EXERCISE DIRECTIONS >>
Copy every entry word for word. Skip the pictures.

RECORDED INFORMATION >>
• • • • •

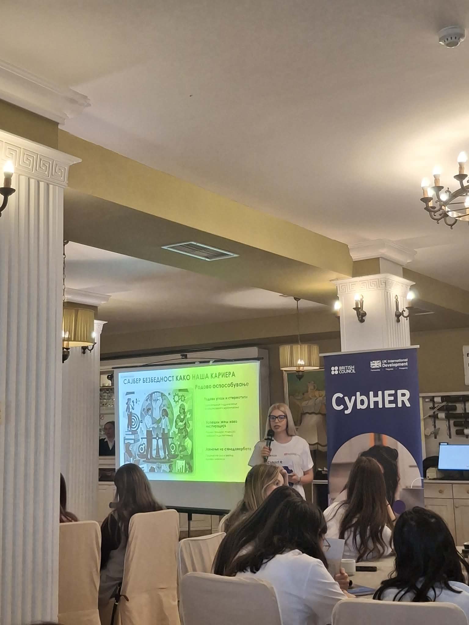 Минатиот викенд, од 13ти до 15ти февруари, ученички од нашето училиште учествуваа на сајбер кампот во Охрид, заедно со професорите Магдалена Трајановиќ и Марјан Спасиќ. На кампот учествуваа над 150 ученички од 9 училишта во државата. Тие споделуваа искуства и успешни сајбер-приказни на теми „Припаѓаме во сајбер-безбедноста“, „Учење преку работа“ и „Сајбер за добро“. Младите жени и девојки покажуваат сѐ поголема свесност за значењето на сајбер-безбедноста имаат зголемена самодоверба, вештини и мрежи за поддршка и се чувствуваат сигурни и инспирирани да изберат кариера во оваа област.
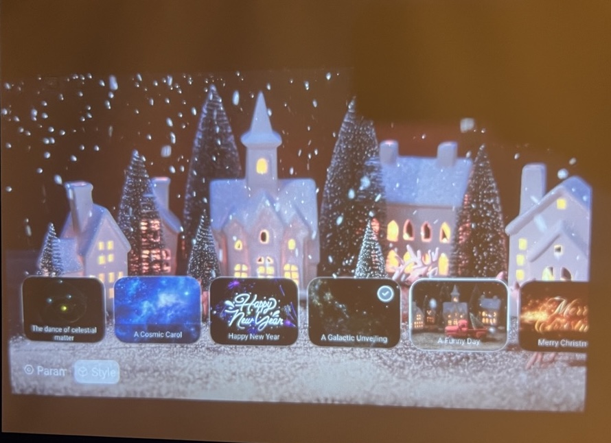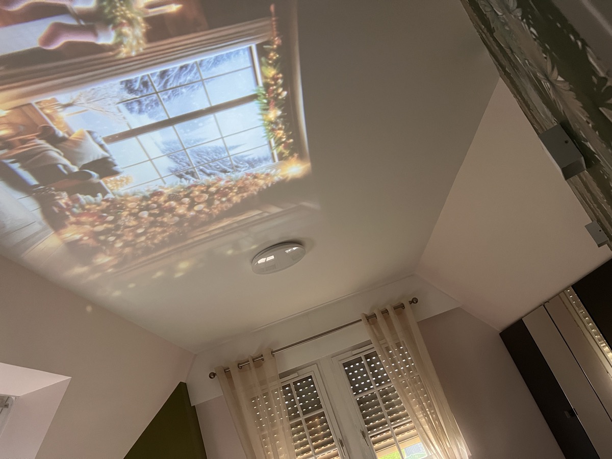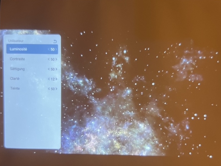 Il faut aussi mentionner la fonction Ciel étoilé. Il s’agit de vidéos intégrées dans le projecteur, diffusées de préférence sur le plafond, qui recréent des ambiances de nuit étoilée ou des vidéos d’atmosphère (Noël, Nouvel An, etc.).
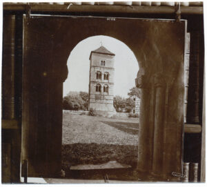 Fotografiert wurden sie wohl mit einer Rollfilmkamera im ersten Viertel des 20.Jahrhunderts. Was diese Fotoserie so besonders macht, ist die Möglichkeit, das Vorgehen bei der Repro-Anfertigung zu sehen. Hier wurde kein Negativfilm oder eine Negativplatte „fachmännisch“ vervielfältigt, sondern ein Positivabzug. Dieser ist behelfsmäßig mit Klammern und Klemmen vor einem Bücherregal aufgehangen. Daraus kann eine ungefähre Seitenlänge von 30 cm des Originalabzuges geschlossen werden. Oben auf dem Abzug ist – seitenverkehrt – die Negativnummer und eine nicht zu identifizierende Beschriftung zu erkennen. Es handelt sich um Fotografien von Albrecht Meydenbauer, die um 1900 mit einer Meßbildkamera fotografiert worden waren.
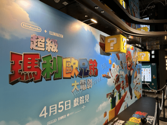 上圖所見,便是「講。鏟。片」情報人員日前於尖沙咀iSquare英皇戲院八樓大堂所攝。在戲院連接IMAX影院扶梯與小食部的位置,擺放了環球發行、將於四月五日上映的《超級瑪利歐兄弟大電影》的電影宣傳,可以看到其背後的佈景已估了相當大的位置。
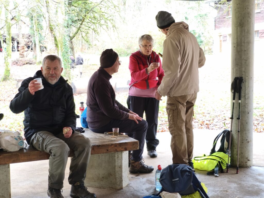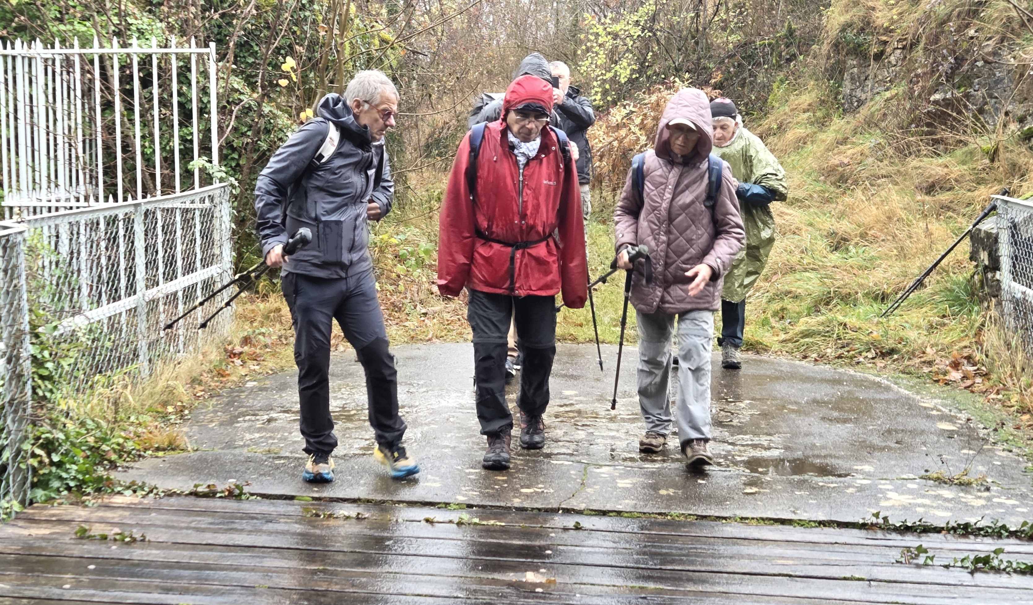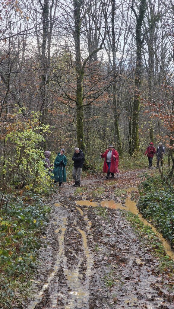 Les estomacs gargouillent…il est temps de trouver un abri pour reprendre des forces et se sécher un peu. Nous coupons les virages de la route par des raccourcis glissants et boueux. Les bâtons étaient bien utiles.
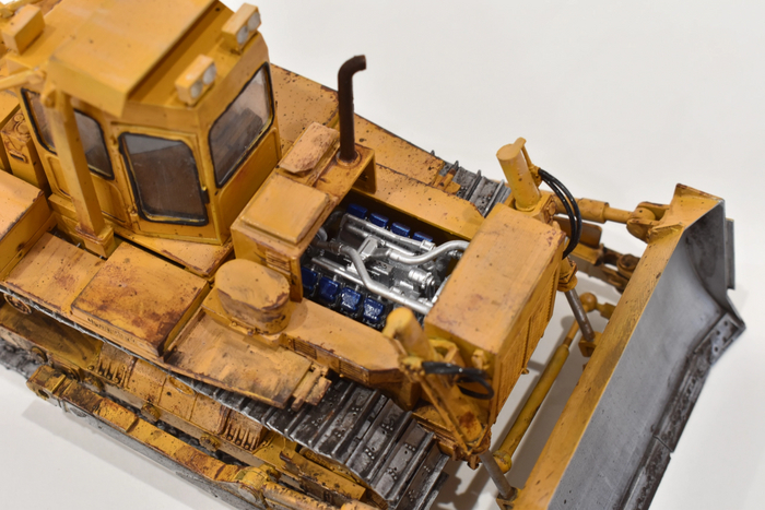 Провисание траков на гусенице (верхняя и нижняя части идут одними цельными деталями) делал так: закреплял деталь на подложке грунтозацепами вниз, подкладывал зубочистки там где должен быть провис и фиксировал прессшайбами, затем грел обычным феном.
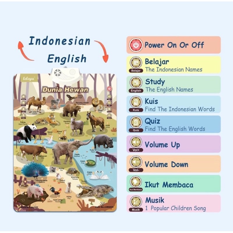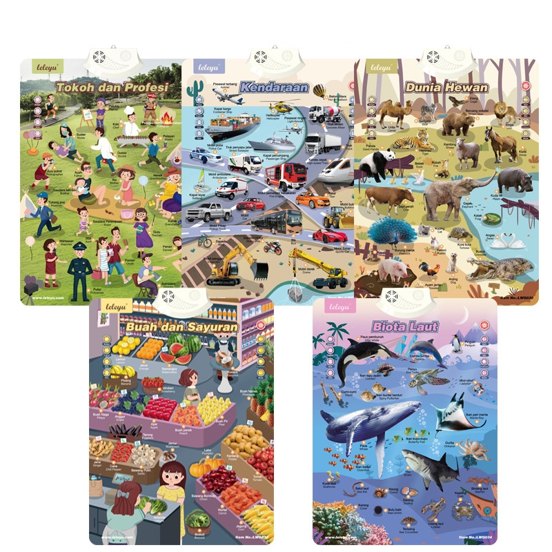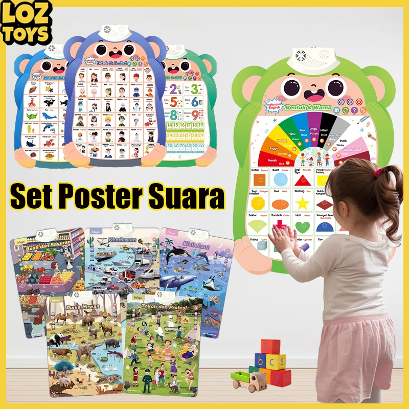 LOZTOYS 3 PCS Poster Anak Suara Bahasa Indonesia Inggris Arab / Bagan Dinding Audio Bilingual / Poster Edukasi Anak Suar
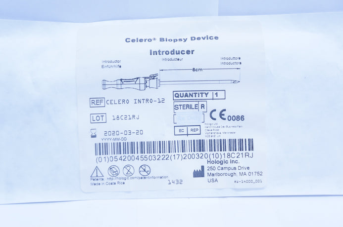 - Hologic CELERO INTRO-12 Celero Biopsy Device Introducer 8cm (x)
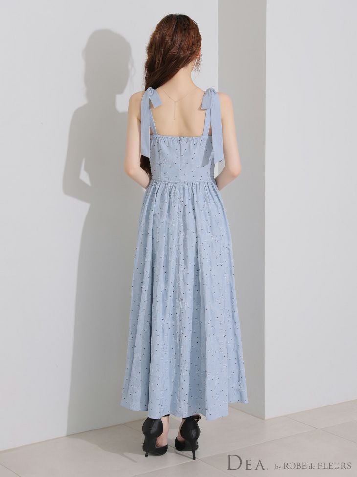 4. [DEA.byROBEdeFLEURS/ディアバイローブドフルール] 高級 ブランド ワンピース Aラインロングドレス キャミソール ドット柄 ジップ ショルダーリボン
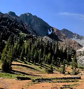 Vandever Mountain is an 11,947-foot-elevation (3,641-meter) mountain summit located in the Sierra Nevada mountain range, in Tulare County of northern California.[3] It is situated on the shared boundary of Sequoia National Park with Sequoia National Forest, four miles south of Mineral King, and 1.78 miles (2.86 km) west of Florence Peak, the nearest higher neighbor.[1] Vandever Mountain ranks as the 439th highest summit in California.[2] Topographic relief is significant as the south aspect rises 2,000 feet (610 meters) above White Chief Canyon in one mile. The summit can be reached via class 2 hiking from Farewell Gap or White Chief Canyon.
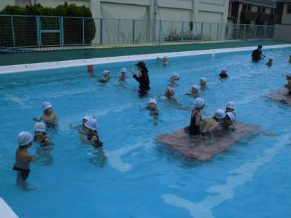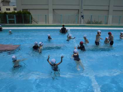 途中で、プールの真ん中に「中の島」を入れて、そこまで、「カニ」「ウサギ」「ワニ」になって歩いていきました。

• • • • •

REPLY >>
 Минатиот викенд, од 13ти до 15ти февруари, ученички од нашето училиште учествуваа на сајбер кампот во Охрид, заедно со професорите Магдалена Трајановиќ и Марјан Спасиќ. На кампот учествуваа над 150 ученички од 9 училишта во државата. Тие споделуваа искуства и успешни сајбер-приказни на теми „Припаѓаме во сајбер-безбедноста“, „Учење преку работа“ и „Сајбер за добро“. Младите жени и девојки покажуваат сѐ поголема свесност за значењето на сајбер-безбедноста имаат зголемена самодоверба, вештини и мрежи за поддршка и се чувствуваат сигурни и инспирирани да изберат кариера во оваа област.
 Il faut aussi mentionner la fonction Ciel étoilé. Il s’agit de vidéos intégrées dans le projecteur, diffusées de préférence sur le plafond, qui recréent des ambiances de nuit étoilée ou des vidéos d’atmosphère (Noël, Nouvel An, etc.).
 Fotografiert wurden sie wohl mit einer Rollfilmkamera im ersten Viertel des 20.Jahrhunderts. Was diese Fotoserie so besonders macht, ist die Möglichkeit, das Vorgehen bei der Repro-Anfertigung zu sehen. Hier wurde kein Negativfilm oder eine Negativplatte „fachmännisch“ vervielfältigt, sondern ein Positivabzug. Dieser ist behelfsmäßig mit Klammern und Klemmen vor einem Bücherregal aufgehangen. Daraus kann eine ungefähre Seitenlänge von 30 cm des Originalabzuges geschlossen werden. Oben auf dem Abzug ist – seitenverkehrt – die Negativnummer und eine nicht zu identifizierende Beschriftung zu erkennen. Es handelt sich um Fotografien von Albrecht Meydenbauer, die um 1900 mit einer Meßbildkamera fotografiert worden waren.
 上圖所見,便是「講。鏟。片」情報人員日前於尖沙咀iSquare英皇戲院八樓大堂所攝。在戲院連接IMAX影院扶梯與小食部的位置,擺放了環球發行、將於四月五日上映的《超級瑪利歐兄弟大電影》的電影宣傳,可以看到其背後的佈景已估了相當大的位置。
 Les estomacs gargouillent…il est temps de trouver un abri pour reprendre des forces et se sécher un peu. Nous coupons les virages de la route par des raccourcis glissants et boueux. Les bâtons étaient bien utiles.
 Провисание траков на гусенице (верхняя и нижняя части идут одними цельными деталями) делал так: закреплял деталь на подложке грунтозацепами вниз, подкладывал зубочистки там где должен быть провис и фиксировал прессшайбами, затем грел обычным феном.
 LOZTOYS 3 PCS Poster Anak Suara Bahasa Indonesia Inggris Arab / Bagan Dinding Audio Bilingual / Poster Edukasi Anak Suar
 - Hologic CELERO INTRO-12 Celero Biopsy Device Introducer 8cm (x)
 4. [DEA.byROBEdeFLEURS/ディアバイローブドフルール] 高級 ブランド ワンピース Aラインロングドレス キャミソール ドット柄 ジップ ショルダーリボン
 Vandever Mountain is an 11,947-foot-elevation (3,641-meter) mountain summit located in the Sierra Nevada mountain range, in Tulare County of northern California.[3] It is situated on the shared boundary of Sequoia National Park with Sequoia National Forest, four miles south of Mineral King, and 1.78 miles (2.86 km) west of Florence Peak, the nearest higher neighbor.[1] Vandever Mountain ranks as the 439th highest summit in California.[2] Topographic relief is significant as the south aspect rises 2,000 feet (610 meters) above White Chief Canyon in one mile. The summit can be reached via class 2 hiking from Farewell Gap or White Chief Canyon.
 途中で、プールの真ん中に「中の島」を入れて、そこまで、「カニ」「ウサギ」「ワニ」になって歩いていきました。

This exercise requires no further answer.